DL-Glyceraldehyde-3-phosphate solution (GAP): Made from DL-glyceraldehyde-3-phosphate diethylacetal, Ba salt from Sigma Chemical Co., St. Louis, Mo .: 1.5 g of salt was treated so that a Final volume of 10 ml was obtained.

a-Glycerophosphate dehydrogenase (a-GPDH) solution: 0.2 mg / ml in buffer solution (Boehringer-Mannheim).

Thyroxine (T-4 solution): 2.57 x 10-4 in KSA solution.

The analysis was carried out as follows:

A number of dilutions of the T-4 solution were made. First, 0.4 ml of the T-4 solution, 0.4 ml of the TIM-T-4 solution and 0.4 ml of the antibody solution were mixed together and placed in a water bath at 30 ° C. for 12 minutes.

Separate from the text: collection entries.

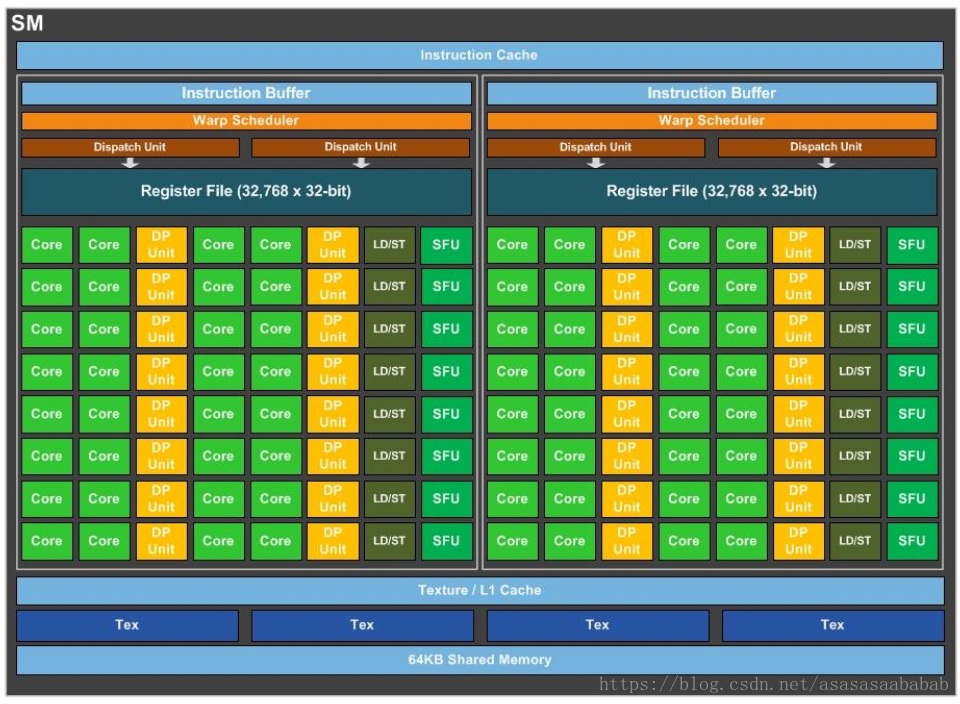 SM是GPU中最基本的计算单元,负责线程调度与数据处理,由多个计算核心CUDAcore和调度单元组成。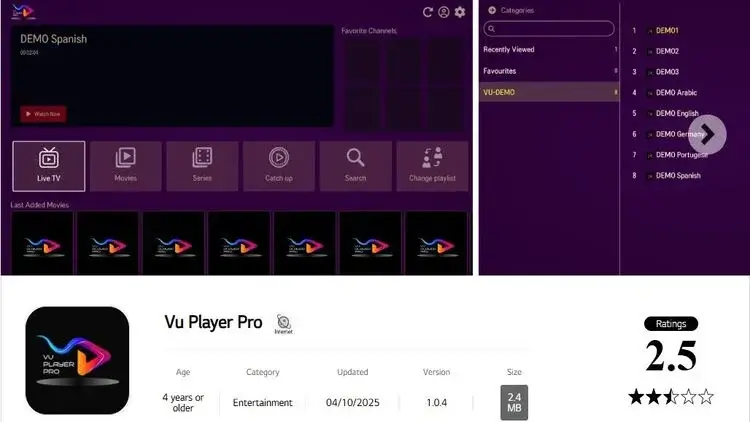 Wichtiger Hinweis: VU Player Pro ist eine kostenpflichtige Anwendung, die für ein besseres Streaming-Erlebnis und optimale Qualität sorgt. Die Aktivierungsbedingungen hängen vom gewählten Abonnement ab. Bitte lesen Sie die Informationen am Ende der Seite sorgfältig durch, bevor Sie eine Testversion anfordern oder die Aktivierung beantragen.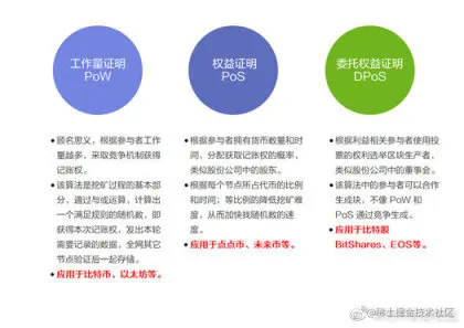 接下来,简单介绍区块链应用中常见的这三种共识算法:工作量证明 PoW(Proof of Work), 权益证明 PoS(Proof of Stake),委托权益证明 DPoS(Delegated Proof of Stake)。如图所示: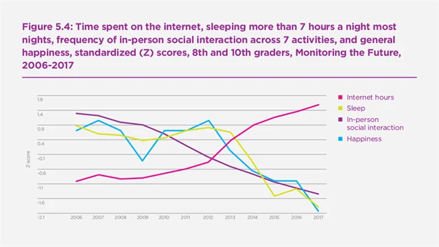 A ještě hůře vyznívá, když se podíváme na štěstí v kontextu toho, kolik lidé spí, tráví času na internetu a jsou v kontaktu s jinými lidmi (ne přes sociální sítě, naživo).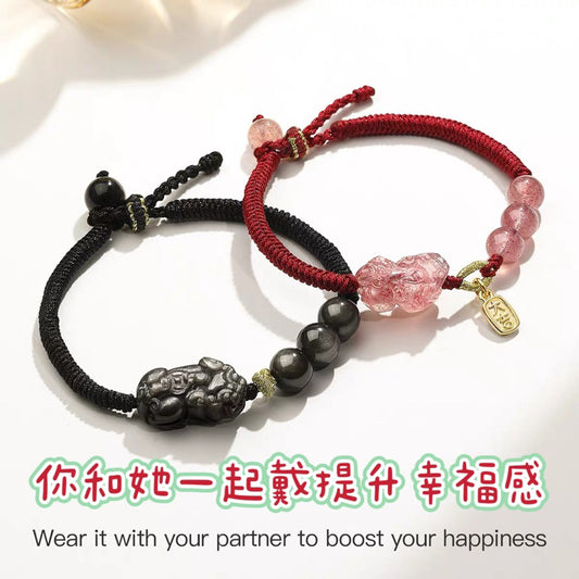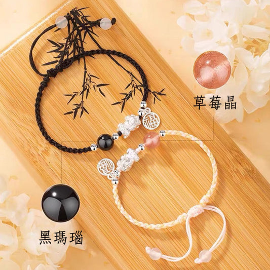 現貨 招財貔貅草莓晶銀曜石編織本命年情侶手鍊一對手繩情侶款閨蜜生日禮物情人節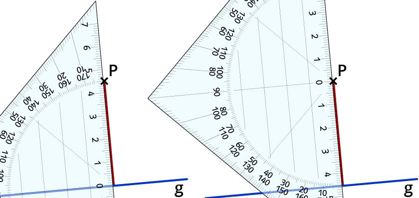 Wenn du prüfen willst, ob du wirklich eine Senkrechte gezeichnet hast, kannst die Spitze des Geodreiecks in den rechten Winkel legen. Passt die Spitze genau, ist auch ein 90°-Winkel vorhanden. Zur Not kannst du das auch mit einem Blatt Papier machen.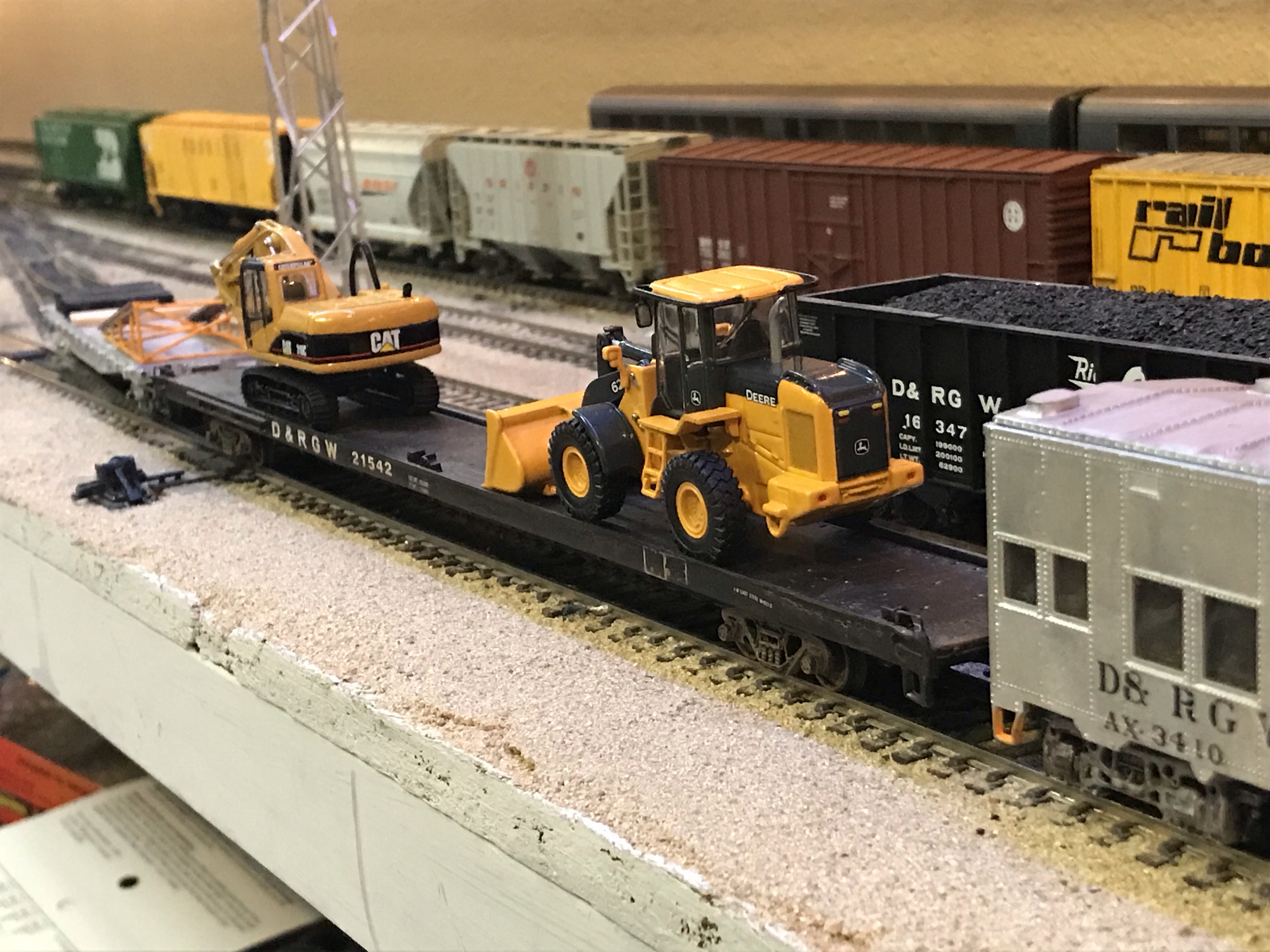 I have two 86′ flatcars that the Rio Grande acquired in the ’60s for TOFC service. Later most were converted to COFC or maintenance-of-way or both. Here, one of them is carrying two off-track earthmovers for a contractor. It’s an older Athearn car that happens to be a perfect match.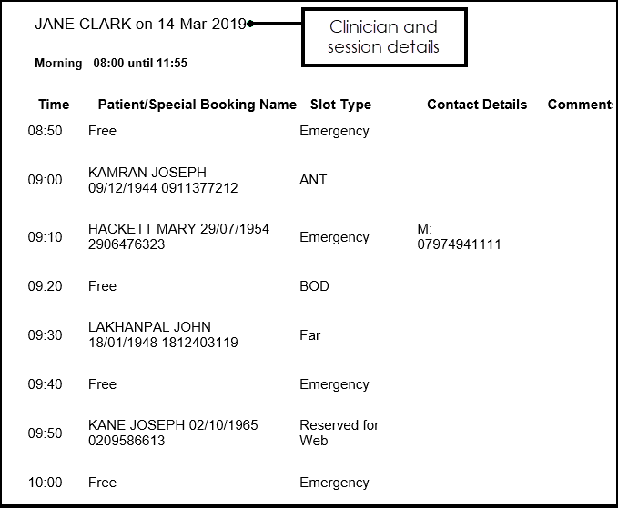 A printed list of today's appointments can be handy in the unlikely event of a system failure.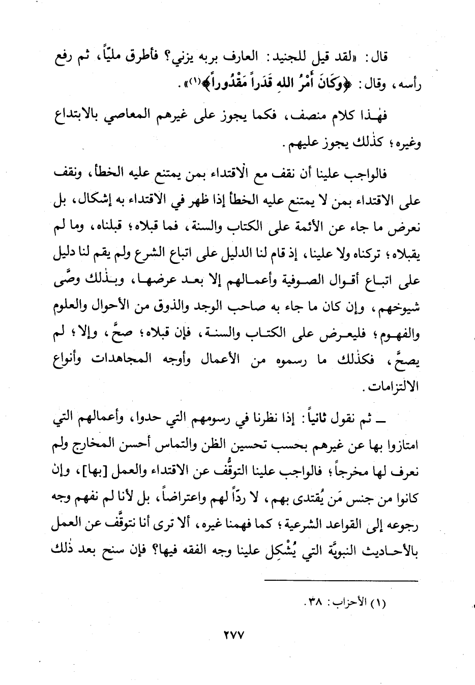 قَالَ: " لَقَدْ قِيلَ لِلْجُنَيْدِ: الْعَارِفُ بِرَبِّهِ يَزْنِي؟ فَأَطْرَقَ مَلِيًّا، ثُمَّ رَفَعَ رَأْسَهُ، وَقَالَ: وَكَانَ أَمْرُ اللَّهِ قَدَرًا مَقْدُورًا.

Then 200 μl of the NADH solution, 25 μl of the a-GPDH solution and 100 μl of the GAP solution were added to the solution. The analytical tube was covered with parafilm and an aliquot

5

10th

15

20th

25th

30th

35

40

45

50

55

60

65

632343

12

was then read in a thermal cuvette in a 300N Gilford and 30 ° C. The rest of the analytical solution was in

Spectrophotometer sucked in. The first reading was held in a bath at 30 ° C and read after 13 minutes,

after 30 seconds at a temperature of 30 ° C in the pre direction. The results are given in the table below, direction. The optical density was at 366nm

Table V

Sample No.

T-4 solution concentration

Decrease in optical density in 13 min

1

0

0.543

2nd

3.84xl0-6

0.550

3rd

7.68xl0-6

0.550

4th

l, 54xl0-5

0.490

5

6.14x10-5

0.448

6

l, 29xl0-4

0.422

7

5.14x 10-4

0.409

The results of the above table show that the enzyme substrates are incubated if necessary and then only very low concentrations and extremely small amounts are added to the T4, the T4 can be read by a spectrophotometric reading over a short time using a thyroxine method according to the method of the invention Period indicated or can be determined. The procedure is very definite. The system can be automated, making it simple and requiring only a few handling steps. By automatically mixing samples and reagents and combining the reagents in a buffered medium 25 readings can be made automatically.